# LangChain and OpenAI Integration Notebook

This notebook demonstrates how to use LangChain with OpenAI for various NLP tasks. We'll walk through the installation, setup, and usage of different LangChain components step-by-step.

## Installation

First, we need to install the required packages.

In [None]:
pip install -r requirements.txt

## Environment Setup

Next, we set up environment variables necessary for LangChain and OpenAI API access.

### Example .env

LANGCHAIN_TRACING_V2=true

LANGCHAIN_API_KEY={{LANGCHAIN_API_KEY}}

OPENAI_API_KEY={{OPENAI_API_KEY}}

TAVILY_API_KEY={{TAVILY_API_KEY}}

In [1]:
from dotenv import load_dotenv

# Load the .env file
load_dotenv()


True

## LangChain and OpenAI Setup

Import and initialize the ChatOpenAI model from LangChain.


In [2]:
from langchain_openai import ChatOpenAI
import os

llm = ChatOpenAI(model="gpt-3.5-turbo-0125")

### Testing LangSmith

Invoke the model to see how LangSmith can assist with testing.


In [4]:
llm.invoke("how can langsmith help with testing?")

{'Accept': 'application/json', 'Content-Type': 'application/json', 'User-Agent': 'OpenAI/Python 1.31.0', 'X-Stainless-Lang': 'python', 'X-Stainless-Package-Version': '1.31.0', 'X-Stainless-OS': 'MacOS', 'X-Stainless-Arch': 'x64', 'X-Stainless-Runtime': 'CPython', 'X-Stainless-Runtime-Version': '3.12.3', 'Authorization': 'Bearer sk-proj-piS1lV36b8mMtvTFzoBeT3BlbkFJ9Afr0m9XpiAOI1yoqI81', 'X-Stainless-Async': 'false'}
Bearer sk-proj-piS1lV36b8mMtvTFzoBeT3BlbkFJ9Afr0m9XpiAOI1yoqI81


AIMessage(content='Langsmith can help with testing in the following ways:\n\n1. Language Support: Langsmith can provide language-specific libraries and tools for automated testing, making it easier to write and run tests in different programming languages.\n\n2. Test Automation: Langsmith can automate the process of running tests, making it easier to test code changes and updates quickly and efficiently.\n\n3. Test Reporting: Langsmith can generate detailed reports on test results, helping developers identify and fix bugs more effectively.\n\n4. Integration Testing: Langsmith can help with integration testing by providing tools and frameworks for testing how different components of a system work together.\n\n5. Performance Testing: Langsmith can help with performance testing by providing tools and libraries for measuring and analyzing the performance of code and systems.\n\nOverall, Langsmith can streamline the testing process and provide developers with the tools they need to ensure t

## Creating a Chat Prompt Template

Use `ChatPromptTemplate` to define a prompt for our LLM.


In [None]:
from langchain_core.prompts import ChatPromptTemplate

prompt = ChatPromptTemplate.from_messages([
    ("system", "You are a world class technical documentation writer.
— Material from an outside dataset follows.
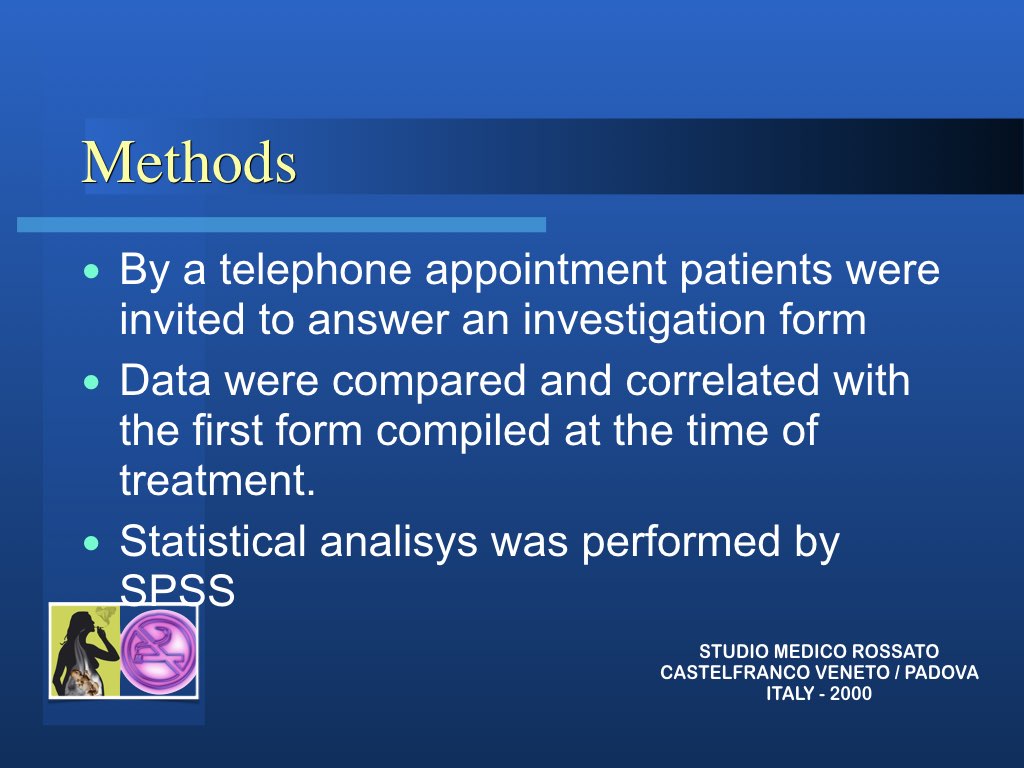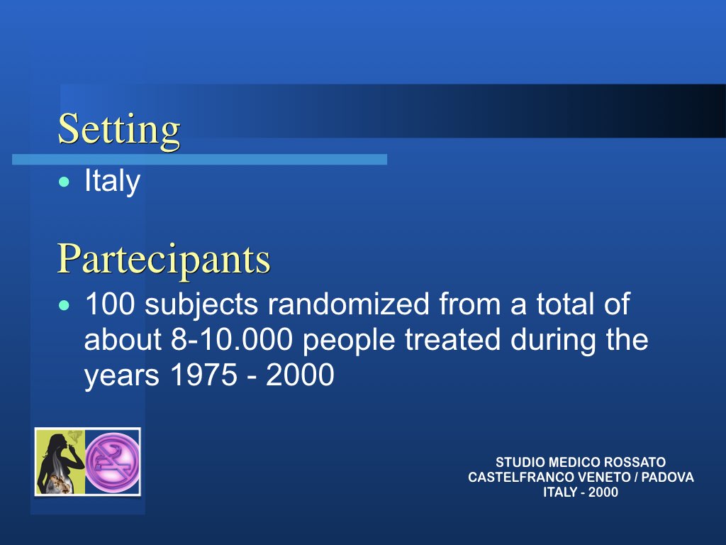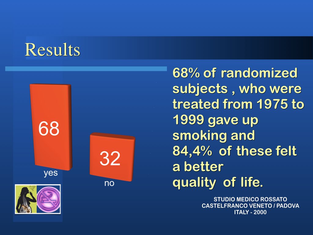 RISULTATO STATISTICO: 68 % dei pazienti hanno smesso di fumare nel follow-up a 20 anni

Keep responses short and concise"),
    ("user", "{input}")
])

### Combining Prompt and Model

Create a chain that combines the prompt and the model.


In [None]:
chain = prompt | llm 

### Invoking the Chain

Invoke the chain to see how LangSmith can assist with testing.


In [None]:
chain.invoke({"input": "how can langsmith help with testing?"})

## Parsing Output

Use `StrOutputParser` to parse the output of the model.


In [None]:
from langchain_core.output_parsers import StrOutputParser

output_parser = StrOutputParser()

chain = prompt | llm | output_parser

### Invoking the Chain with Output Parser

Invoke the chain with the output parser to get a structured response.


In [None]:
chain.invoke({"input": "how can langsmith help with testing?"})

## Document Loading

Load documents from a webpage using `WebBaseLoader`.


In [None]:
from langchain_community.document_loaders import WebBaseLoader
loader = WebBaseLoader("https://docs.smith.langchain.com/user_guide")

docs = loader.load()

## Embeddings

Generate embeddings for the documents using OpenAI.


In [None]:
from langchain_openai import OpenAIEmbeddings

embeddings = OpenAIEmbeddings(model="text-embedding-3-small")

## Text Splitting

### Recursive Character Text Splitter

The `RecursiveCharacterTextSplitter` splits documents based on character count while maintaining coherence in the chunks. This is useful for processing large texts in manageable pieces.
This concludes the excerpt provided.